Watch: MIT Drone Autonomously Navigates Obstacle Course

A new MIT motion-planning algorithm allows drones to do donuts and figure-eights in object-filled environments.

To sense its surroundings, the drone used motion-capture optical sensors and an on-board inertial measurement unit (IMU) that help estimate the precise positioning of obstacles.

“I’m most impressed by the team’s ingenious technique of combining on- and off-board sensors to determine the drone’s location,” says Jingjin Yu, an assistant professor of computer science at Rutgers University. “This is key to the system’s ability to create unique routes for each set of obstacles.”

In its current form, MISDP has been optimized such that it can’t do real-time planning - it takes an average of 10 minutes to create a route for the obstacle course. But Landry says that making certain sacrifices would let them generate plans much more quickly.

“For example, you could define ‘free-space regions’ more broadly as links between areas where two or more free-space regions overlap,” says Landry. “That would let you solve for a general motion-plan through those links, and then fill in the details with specific paths inside of the chosen regions. Currently we solve both problems at the same time to lower energy consumption, but if we wanted to run plans faster that would be a good option.”

Majumdar’s software, meanwhile, generates more conservative plans, but can do so in real-time. He first developed a library of 40 to 50 trajectories that are each given an outer bound that the drone is guaranteed to remain within. These bounds can be visualized as ”funnels” that the planning algorithm chooses between to stitch together a sequence of steps that allow the drone to plan its flying on the fly.

A flexible approach like this comes with a high level of guarantees that the software will work, even in the face of uncertainties with both the surroundings and the hardware itself. The algorithm can easily be extended to drones of different sizes and payloads, as well as ground vehicles and walking robots.

As for the environment, imagine the drone choosing between making a forceful roll maneuver that will avoid a tree by a large margin, versus flying straight and avoiding a tree by a small amount.

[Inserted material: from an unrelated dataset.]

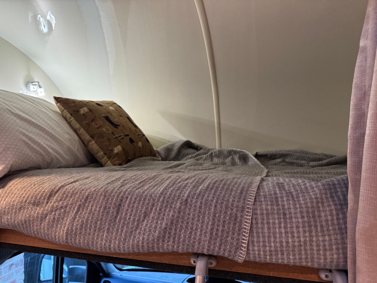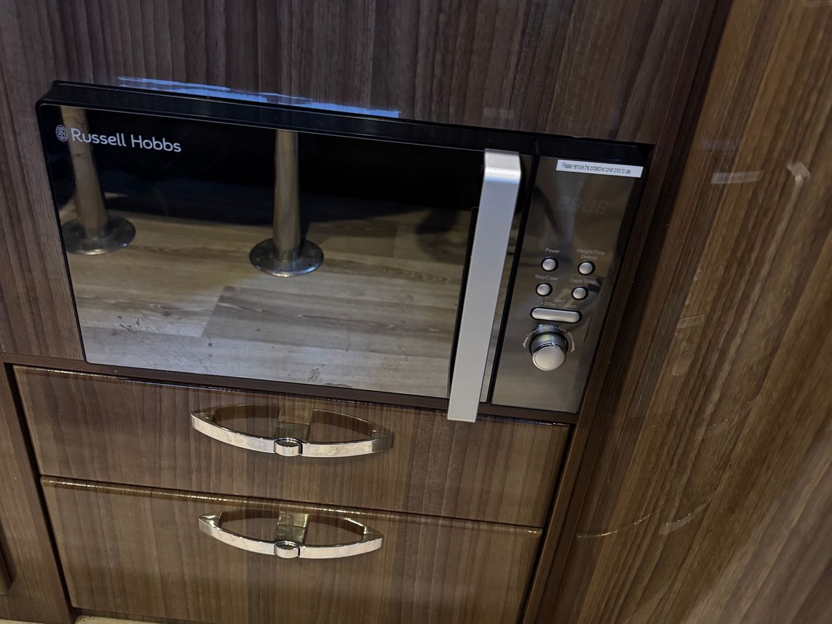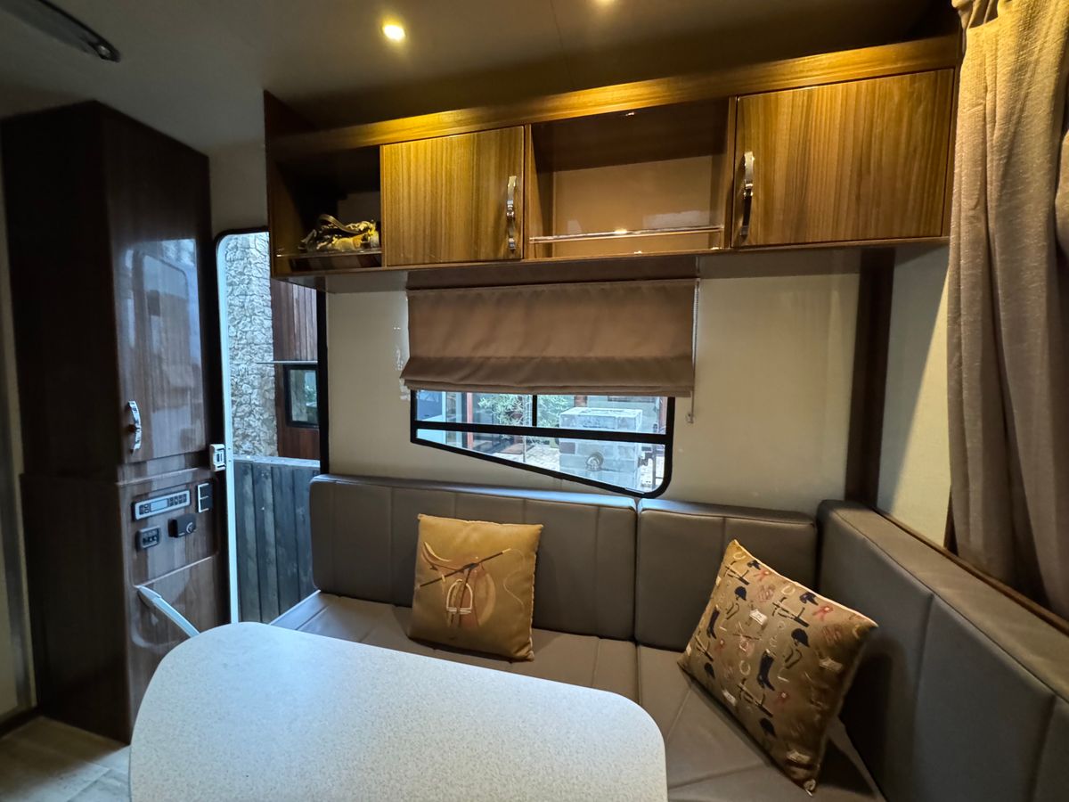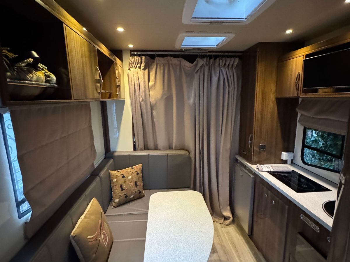 Living area features: beige leather upholstery, sleeping for 4 people (2 in luton peak), (table that folds to a 2nd bed for 2), TV & DVD player, Electric flushing toilet, wash basin, shower and vanity, storage cupboards wardrobe, microwave, diesel cooktop, diesel heating and hot water, 130 litre fridge.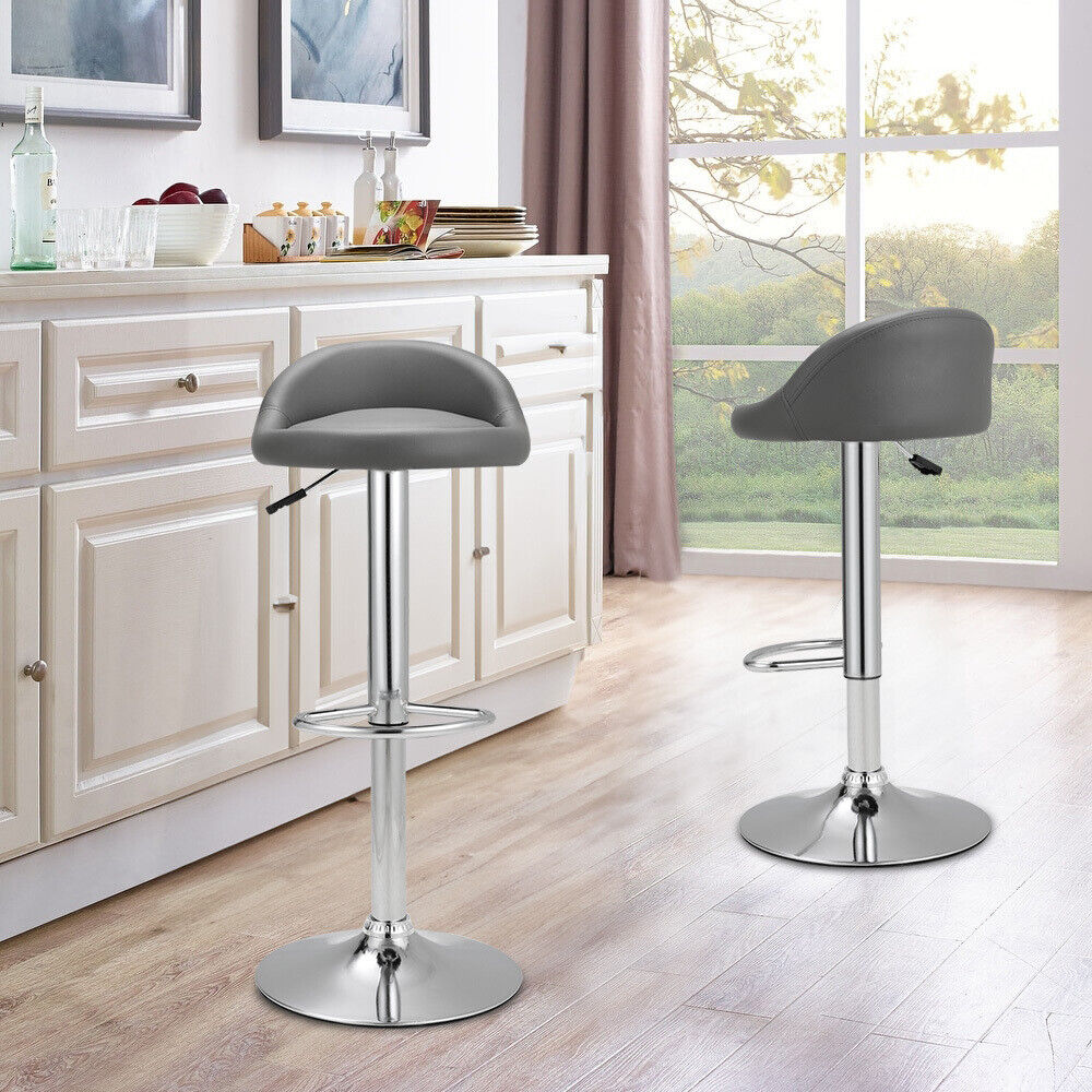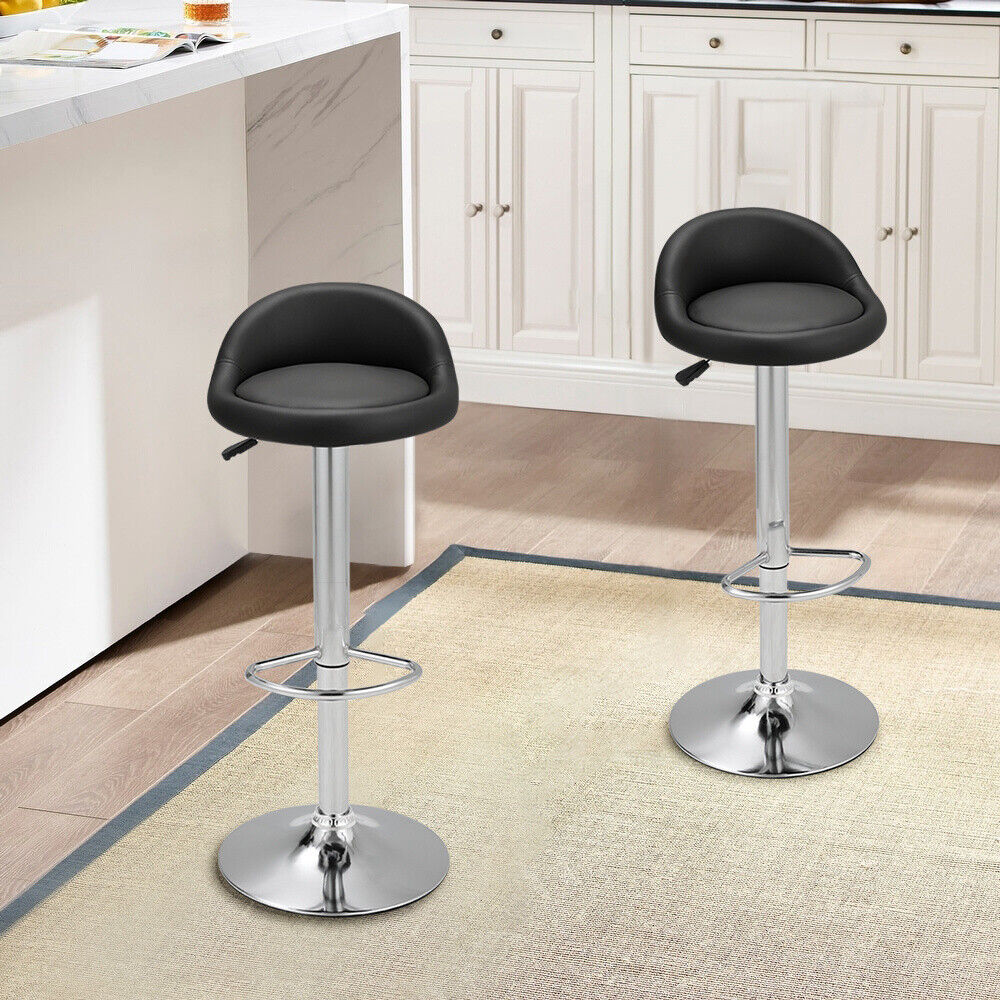 2pcs PU Leather Low Back Barstool Height Adjustable Swivel Stool Kitchen Chair

“A traditional approach might prefer the first since avoiding obstacles by a significant amount seems ‘safer,’” says Majumdar. “But a move like that actually may be riskier because it’s more susceptible to wind gusts. Our method makes these decisions in real-time, which is critical if we want drones to move out of the labs and operate in real-world scenarios.”

A clear path to avoiding obstacles

CSAIL researchers have been working on this problem for many years. Professor Nick Roy has been honing algorithms for drones to develop maps and avoid objects in real-time; in November a team led by PhD student Andrew Barry published a video demonstrating algorithms that allow a drone to dart between trees at speeds of 30 miles per hour.

While these two drones cannot travel quite as fast as Barry’s, their maneuvers are generally more complex, meaning that they can navigate in smaller, denser environments.

“Enabling dynamic flight of small, off-the-shelf quadcopters is a marvelous achievement, and one that has many potential applications,” says Yu. “With additional development, I can imagine these machines being used as probes in hard-to-reach places, from exploring caves to doing search-and-rescue in collapsed buildings.”

Landry, who now works for 3D Robotics in California, is hopeful that other academics will build on and refine the researchers’ work, which is all open-source and available on github.

“A big challenge for industry is determining which technologies are actually mature enough to use in real products,” Landry says. “The best way to do that is to conduct experiments that focus on all of the corner cases and can demonstrate that algorithms like these will actually work 99.999 percent of the time.”